Como visto neste trabalho, os mitos possuem a habilidade de atravessar os séculos através da literatura e, muitas vezes, são utilizados como objeto de estudo de ciências sociais, devido à enorme carga psicológica que eles possuem. É devido a este fato que a psicologia clínica apropriou-se do mito de narciso para explicar o narcisismo, a condição psicológica marcada pela atração sexual por si mesmo.

Sendo uma condição voltada totalmente para o “eu” do indivíduo, o narcisismo é refletido em todo o redor do sujeito narcisista; desde ações cotidianas até, principalmente, a arte produzida por tal. A partir dessa colocação, é possível procurar traços dessa personalidade peculiar na produção artística dos indivíduos, como foi feito nas análises de Ovídio e Leminski, nas sesções anteriores.

Pode-se afirmar que, dos três principais poetas do período imperial de Augusto – Ovídio, Virgílio e Horácio –, Ovídio foi o que menos cumpriu com sua obrigação literária. A poesia de Ovídio sempre foi considerada inferior à dos outros poetas em relação à adequação obrigatória diante do Império. Menos exemplar que os demais versos elegíacos do período, Ovídio valorizava, primeiramente, seus gostos e preferências diante de sua produção. É notória, em toda sua literatura, a transgressão ao formalismo clássico e às exigências do Império. O poeta adequava, primeiramente, o tema amoroso e/ou erótico em qualquer produção, mesmo que esta tratasse de um tema político, como visto anteriormente.

Foi o que ocorreu com as Metamorfoses, onde o poema que pressupunha uma narrativa sobre a origem do mundo, desde a criação do universo até a sua época atual, teve como

destaque os versos que narram histórias de amor dos deuses, em vez da valorização do Império.

Devido a essa e as outras observações da originalidade de Ovídio perante a sua obra é que conseguimos enxergar o poeta através da poesia.

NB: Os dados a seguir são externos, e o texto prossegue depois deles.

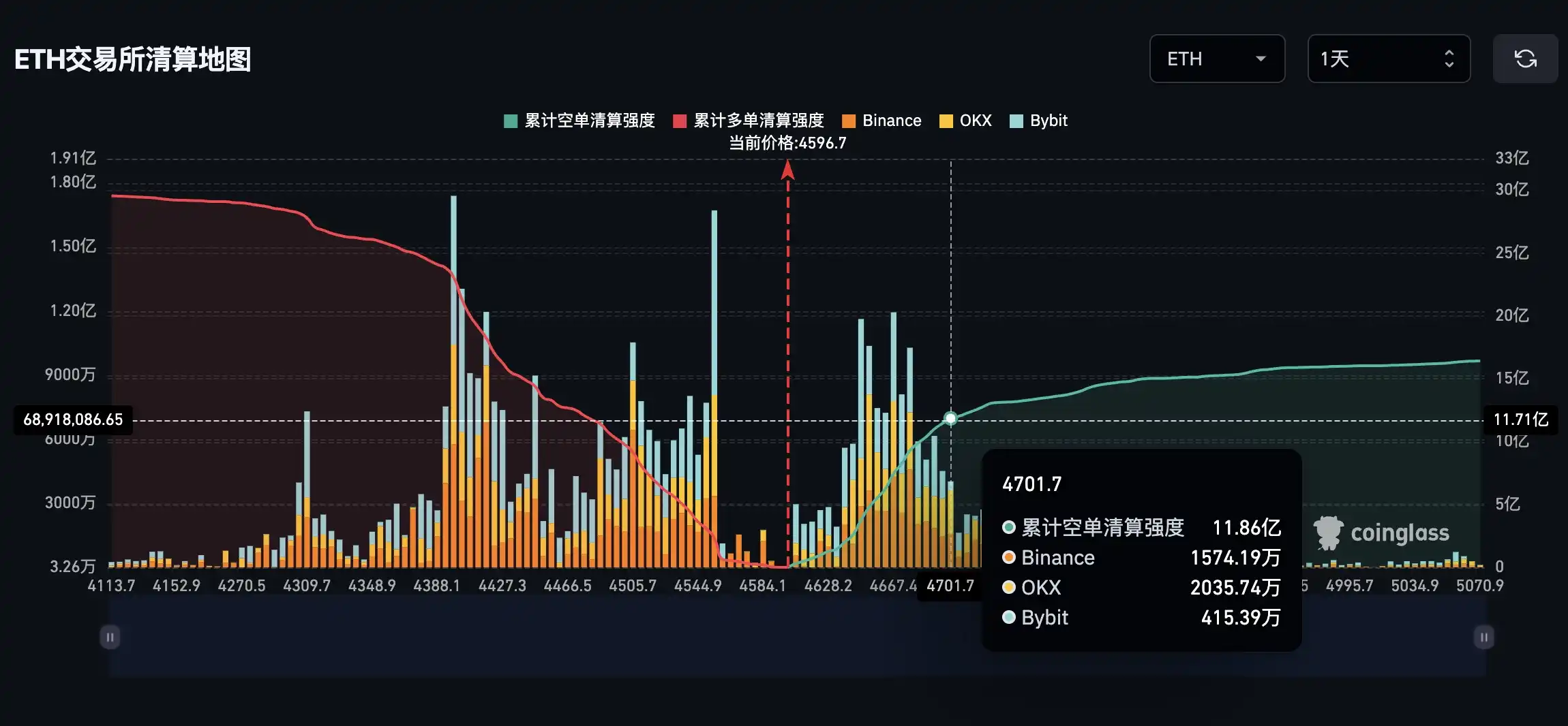 BlockBeats News, September 18th, according to Coinglass data, if Ethereum breaks through $4700, the cumulative short liquidation intensity of mainstream CEXs will reach $1.186 billion.

O subjetivismo existente na obra de Ovídio é diferente do subjetivismo característico da poesia lírica. A necessidade de exposição do “eu” do autor em sua produção é o que o lhe atribui o aspecto narcisista, aproximando-o de Leminski.

Séculos após a publicação de Metamorfoses, Leminski utiliza toda a sua paixão pela literatura latina para propor a sua releitura da obra, intitulada Metaformose. O trocadilho com o título da obra original adianta a dissemelhança existente na forma; aqui, Leminski une a prosa e a poesia para narrar alguns dos mitos de Ovídio. Compondo versos em prosa, carregados de referências às diversas influências culturais que o autor traz para sua poesia, Leminski elege o mito de Narciso como o tema central de sua obra.

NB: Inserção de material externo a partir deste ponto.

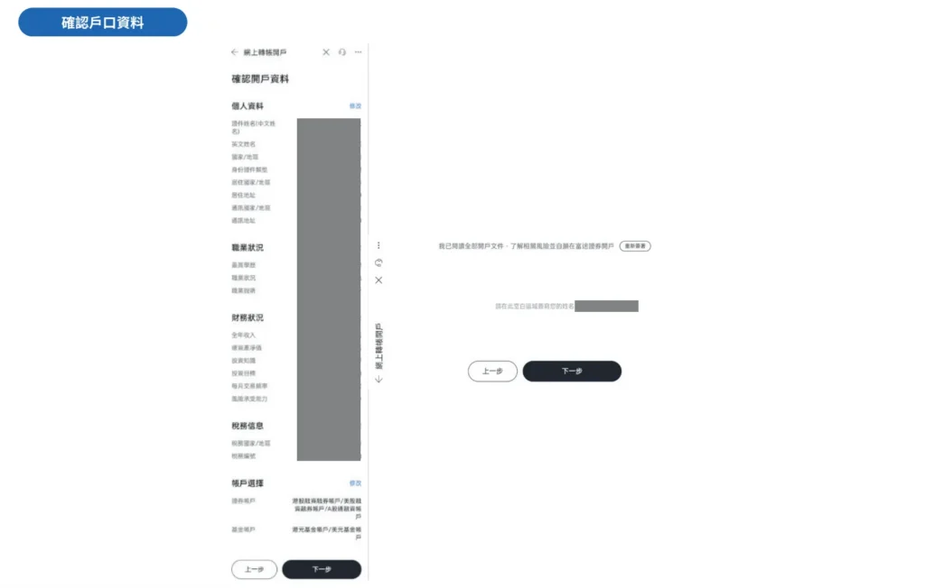 閱讀開戶資料,確定資料無誤後,簽署確認。
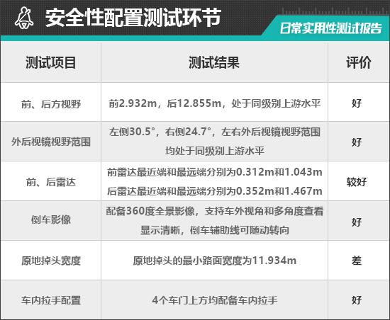 在汽车前后视线检测中,车内所有座椅均已调整到最低状态,检测到的数据与驾驶员正常使用时存在一些误差,仅供参考。
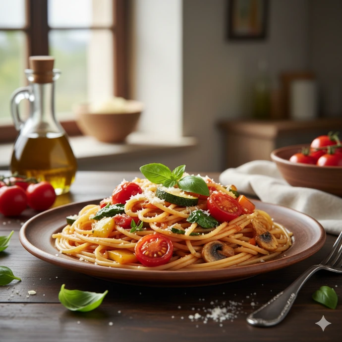 La fraîcheur des légumes du soleil sur des pâtes ! Tomates, courgettes, poivrons... une sauce légère et savoureuse pour un repas équilibré et plein de couleurs. Le plaisir végétarien qui met tout le monde d'accord !
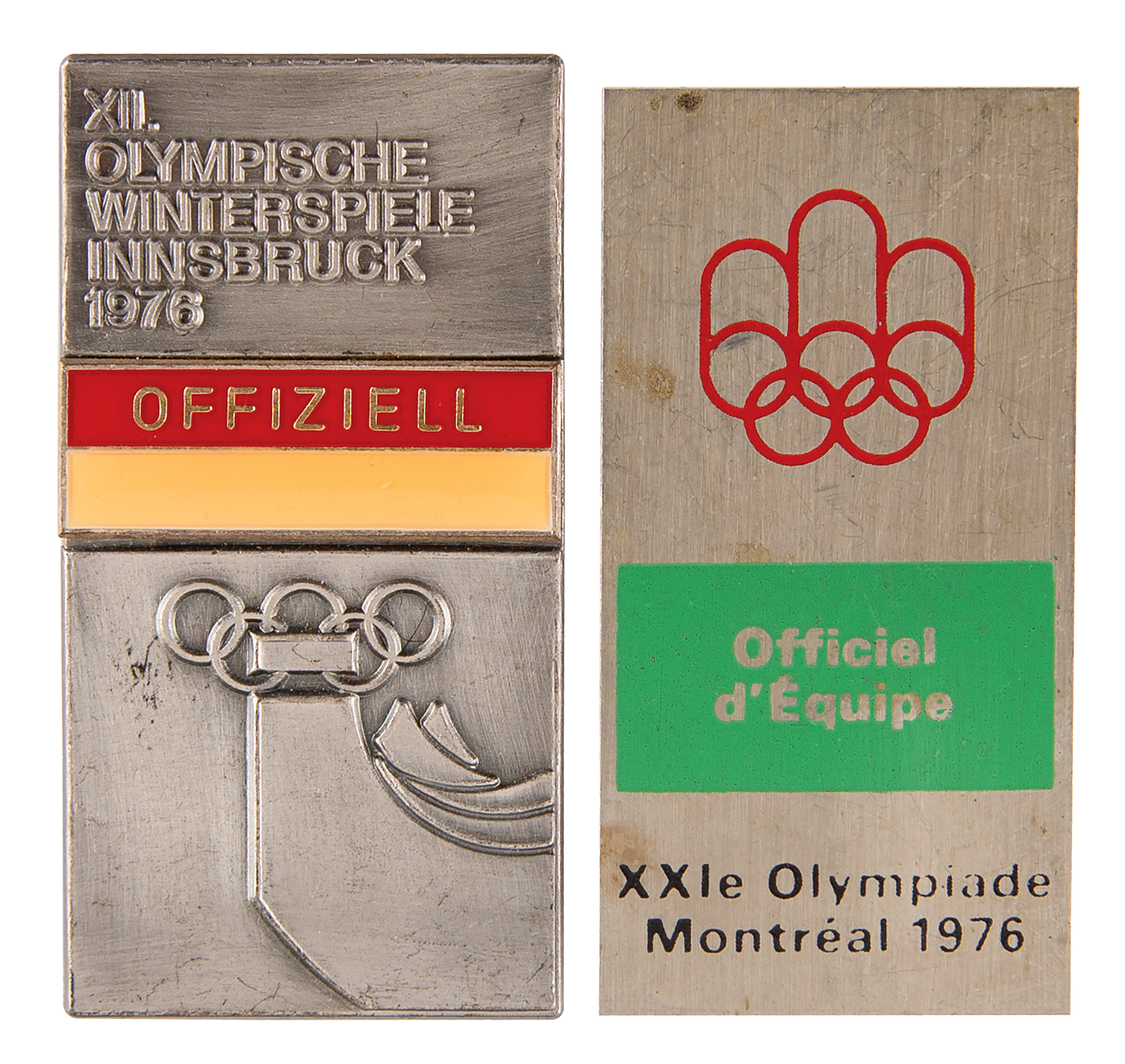 Two official’s badges from the 1976 Summer and Winter Olympics, respectively held in Montreal and Innsbruck:
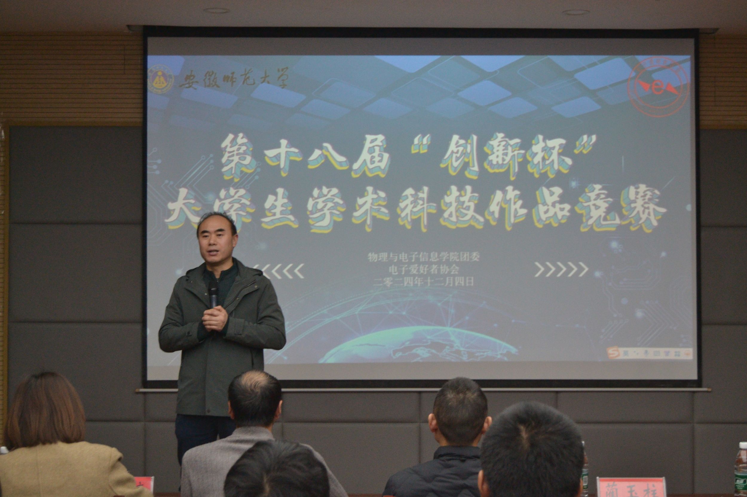 电子爱好者协会承办的第十八届“创新杯”大学生学术科技作品竞赛成功举办。工科实训中心主任、电子爱好者协会指导老师蔺玉柱,电子信息工程专业副主任汤萍萍,自动化专业副主任陈文斌、光电信息科学与工程专业老师吴勇受邀指导,参赛选手、观摩学生等80余人参加活动。
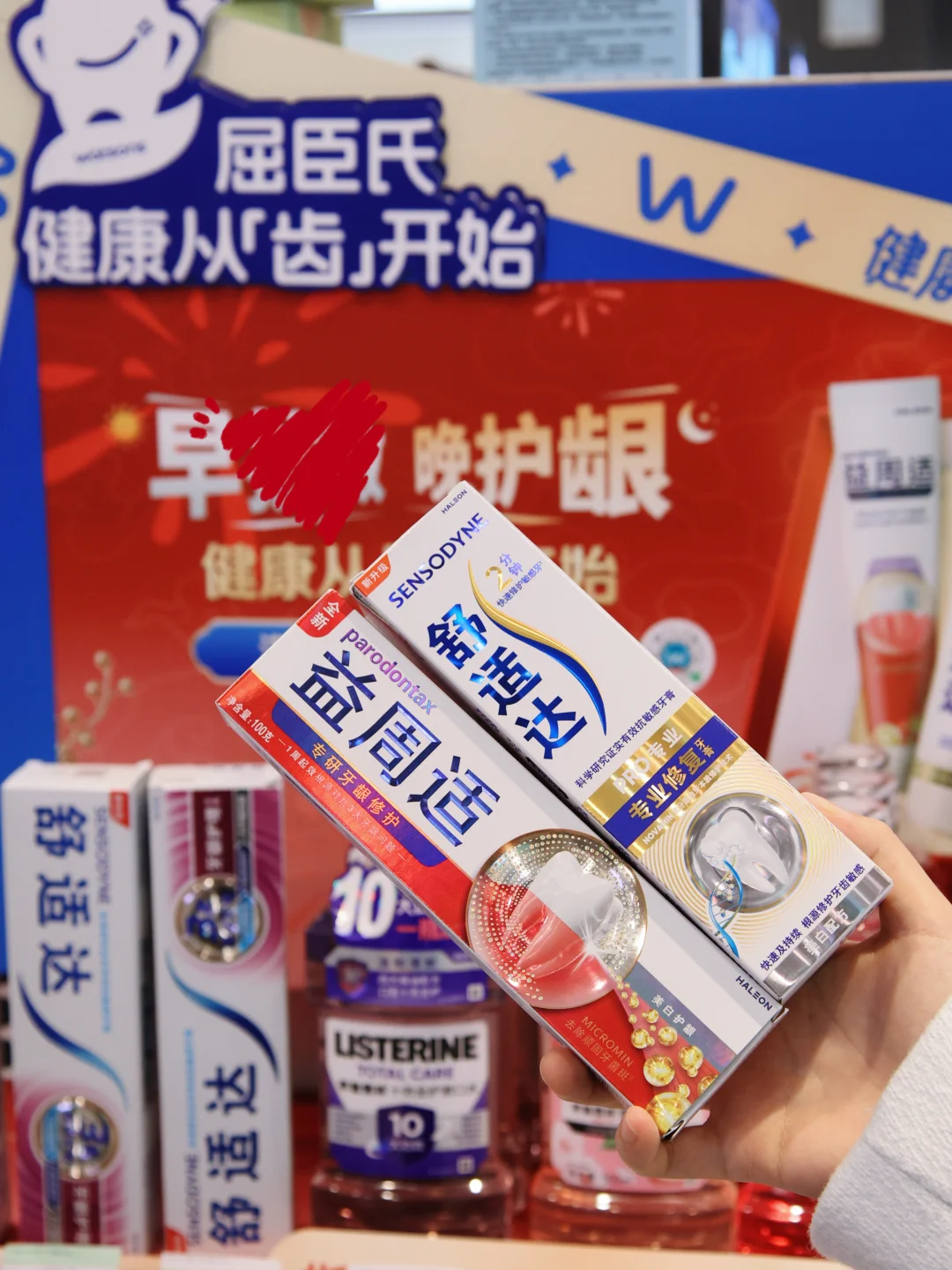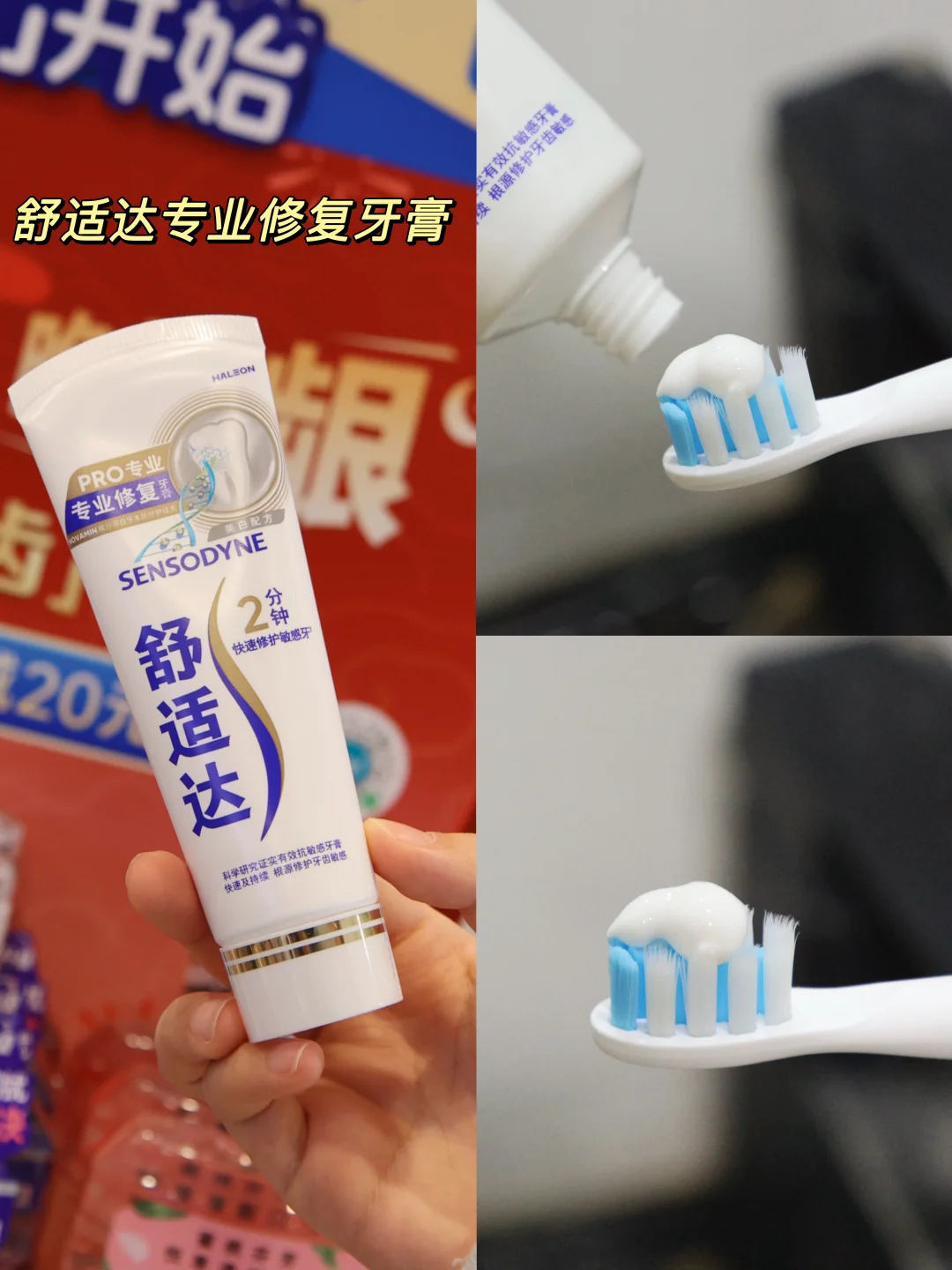 🔴舒适达专业修复牙膏 + 🔵益周适咸味牙龈牙膏

Diante do seu reflexo no espelho, o Narciso de Leminski conta alguns dos mitos das Metamorfoses de Ovídio, unindo-os em uma continuidade já apresentada pelo poeta clássico, porém, de maneira muito próxima. Entre as fábulas observadas por Narciso no rio, encontramos o sofrimento do jovem diante da busca por sua identidade, perdida diante de tantas metamorfoses que passam pelo rio.

A presença do autor em Metaformose é muito mais forte do que na obra clássica; Encontramos Leminski em toda a filosofia sobre a constituição do “eu” que o personagem Narciso nos propõe. A alternância de narradores no poema não nos permite ter clareza da voz que fala; Leminski e Narciso metamorfoseiam-se em um só em diversos momentos. A evidência excessiva do poeta através da obra é o que caracteriza o seu narcisismo, ultrapassando o subjetivismo comum do gênero literário.

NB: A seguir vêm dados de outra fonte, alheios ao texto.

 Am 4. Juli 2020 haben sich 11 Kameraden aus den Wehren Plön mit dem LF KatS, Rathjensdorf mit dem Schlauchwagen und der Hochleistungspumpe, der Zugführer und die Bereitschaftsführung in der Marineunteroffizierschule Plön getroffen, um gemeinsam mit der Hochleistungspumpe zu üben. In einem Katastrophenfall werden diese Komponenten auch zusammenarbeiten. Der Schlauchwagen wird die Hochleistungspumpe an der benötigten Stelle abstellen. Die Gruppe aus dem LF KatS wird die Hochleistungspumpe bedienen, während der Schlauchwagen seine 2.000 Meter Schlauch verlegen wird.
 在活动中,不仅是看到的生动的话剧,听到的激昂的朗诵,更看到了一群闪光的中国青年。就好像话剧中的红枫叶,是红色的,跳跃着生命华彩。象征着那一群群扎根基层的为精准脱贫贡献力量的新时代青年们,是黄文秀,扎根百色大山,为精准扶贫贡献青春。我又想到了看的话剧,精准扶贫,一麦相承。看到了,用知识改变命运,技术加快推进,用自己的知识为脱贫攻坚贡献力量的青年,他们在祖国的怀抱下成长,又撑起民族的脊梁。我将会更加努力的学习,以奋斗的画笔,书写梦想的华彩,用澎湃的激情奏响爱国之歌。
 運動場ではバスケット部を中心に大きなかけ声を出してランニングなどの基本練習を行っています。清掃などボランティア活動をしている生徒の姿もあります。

Assim, analisando Metaformose,, é notável que a releitura que Leminski faz de Ovídio não é apenas uma viagem pelo imaginário grego, é também uma espécie de desabafo da necessidade de Leminski olhar-se no reflexo do rio.

É possível observar a característica do narcisismo nas obras estudadas, que configuram- se como uma variação da poesia lírica. Como visto neste estudo, o narcisismo manifesta-se como uma necessidade de auto-publicidade, na qual o autor reflete intencionalmente a sua personalidade através da obra. O autor, nesta condição, faz-se mais evidente que o poema. Pode-se dizer, então, que entre a autobiografia e a lírica, encontra-se a lírica narcisista.